Seller beware: West Kelowna house flip ends up being costly
A West Kelowna couple was ordered to pay $168,000 back to the buyer of a house they sold after failing to share the true extent of some flooding damage.
Robert and Benigna Cummings are experienced house flippers and they sold a 46-year-old fixer-upper in Glenrosa in August 2016, B.C. Supreme Court Justice Gordon Weatherill wrote in a decision posted last week.
They'd purchased the property two years earlier to turn around, but while it was in their possession, it flooded in February and March 2016 and again in July 2016.
The couple did a week's worth of work to fix the damage after the February flood, including building a sump well.
The work lasted a month and in March it flooded again, making the entire basement suite unusable for nearly two months.
Eventually, the water receded and dried up. New underlay and the carpets that had been removed were re-installed on April 3, 2016, and the basement suite was once again usable. The couple claimed that they believed the flooding issue had ended, however, Weatherill described the work as a "Band-Aid” effort.
The larger issue, however, was that the couple didn't fully disclose that they knew there had been an issue with flooding when they sold the home in August.
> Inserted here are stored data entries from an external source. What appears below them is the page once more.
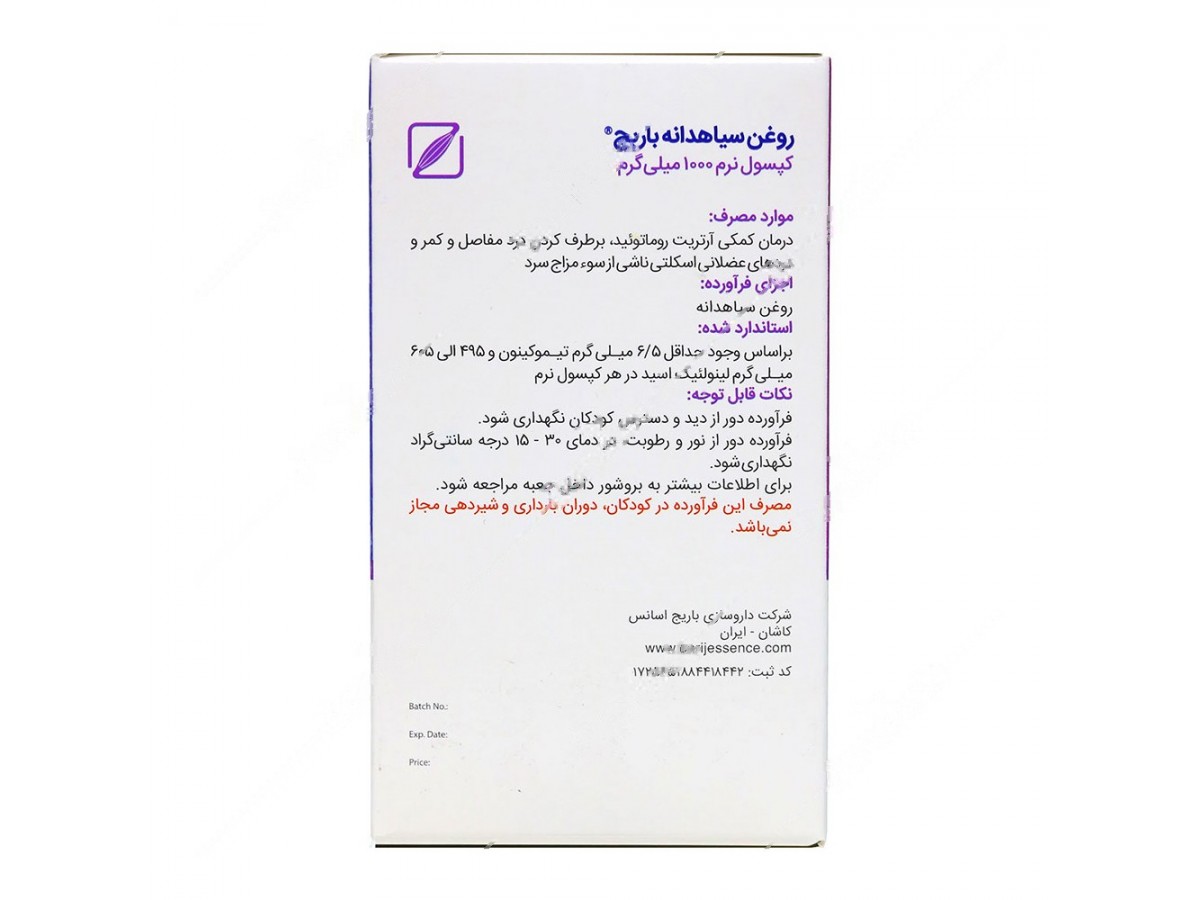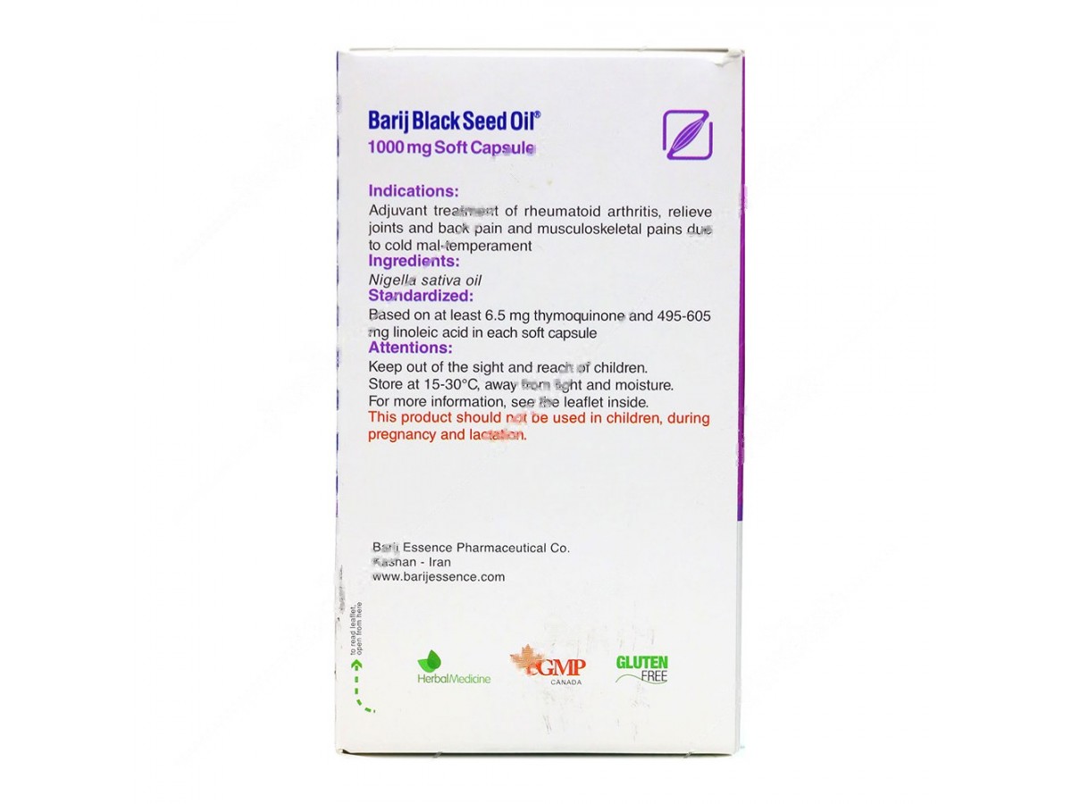 Standardized based on the presence of at least 6.5 mg thymoquinone and 495 to 605 mg linoleic acid per soft capsule.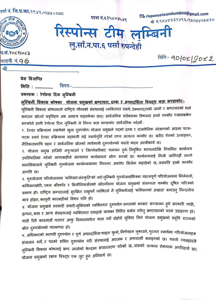 काठमाडौं । लुम्बिनी विकास कोषभित्र बढ्दै गएको भ्रष्टाचार, दम्भ र अपारदर्शिताविरुद्ध ‘रेपोन्स टिम लुम्बिनी’ले कडा भण्डाफोर गर्दै योजना प्रमुख स्मिता भट्टमाथि गम्भीर अनियमितताका आरोप सार्वजनिक गरेको छ।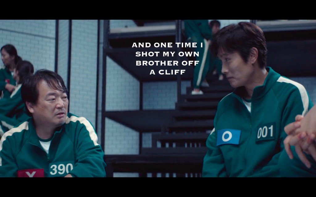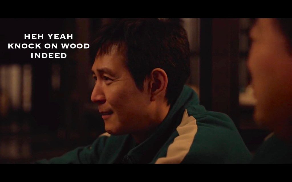 Fake 001 wasn’t just playing with Gihoon, he was playing with ME. What was this?? Was he just trying to build suspense? Was he messing with them? Was he genuinely freaked out from his own Game PTSD? It can’t be that he wanted them to fail because in the end he saved the day by helping Jihoon hacky his sack.

When asked if they were aware if there was any moisture issues with the property's walls, basement or crawlspace they answered "no."
When they sold the house, they admitted there was seepage on the basement floor, but said the problem was rectified by the installation of a sump pump and some other remediation efforts.
Cheri and Joel Brunning were the buyers of the home and within six months of taking possession, they found groundwater seeping into basement through cracks in the concrete slab.
Despite gutting the basement to the stud walls, the water kept coming in and the Brunnings sued the Cummingses for fraudulent misrepresentation, negligent misrepresentation and breach of contract.
The Cummings denied this, however, Weatherill was not on their side.
“I conclude that the defendants knew the water ingress issue was far worse than they let on. They attempted to minimize the problem when they signed the PDS and when they testified," he wrote.
"The fact that they had to rent two large carpet blower fans for five days, then remove all the carpet and underlay does not reconcile with their evidence of the minimal amount of water that came into the basement."
The Brunnings had sought damages of $311,000, saying the house at 3929 Woodell Rd. that they’d bought for $371,000 was worth only $60,000. But the judge awarded $168,000 for remediation costs to install a new perimeter drainage system, expenses and inconvenience.